Removal by Serjeant-at-Arms
If a Member refuses to follow the Speaker’s direction in a case of disorderly conduct, the Speaker may order the Serjeant-at-Arms to remove the Member or take the Member into custody.
No cases have occurred of a Member being taken into custody by the Serjeant-at-Arms. Removal by the Serjeant has usually occurred after a Member has been named and suspended but has refused to leave the Chamber. On one occasion, the Speaker having ordered the Serjeant-at-Arms to direct a suspended Member to leave, the Member still refused to leave and grave disorder arose which caused the Speaker to suspend the sitting. When the sitting was resumed, the Member again refused to leave the Chamber. Grave disorder again arose and the sitting was suspended until the next day, when the Member then expressed regret and withdrew from the Chamber.
A Member has also been escorted from the Chamber by the Serjeant when failing to leave when directed under standing order 94(a).
Grave disorder in the House
In the event of grave disorder occurring in the House, the Speaker, without any question being put, can suspend the sitting and state the time at which he or she will resume the Chair; or adjourn the House to the next sitting. On four occasions when grave disorder has arisen the Chair has adjourned the House until the next sitting.
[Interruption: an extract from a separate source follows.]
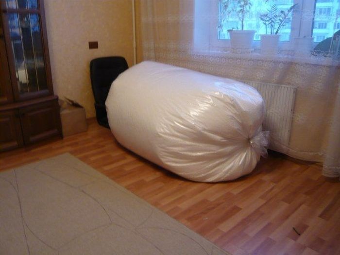 Как своими руками можно сделать бескаркасную мебель, а именно — кресло мешок. Бюджет на одно кресло 1100 рублей.

The Chair has also suspended the sitting in such circumstances on nine occasions.
Disorder in the Federation Chamber
Disorder in the Federation Chamber is covered in the Chapter on ‘The Federation Chamber’.
Other matters of order relating to Members
The Speaker can intervene to prevent any personal quarrel between Members during proceedings. This standing order has only once been invoked to prevent the prosecution of a quarrel but the Chair has cited the standing order in admonishing Members for constantly interjecting in order to irritate or annoy others.
A Member who wilfully disobeys an order of the House may be ordered to attend the House to answer for his or her conduct. A motion to this effect can be moved without notice.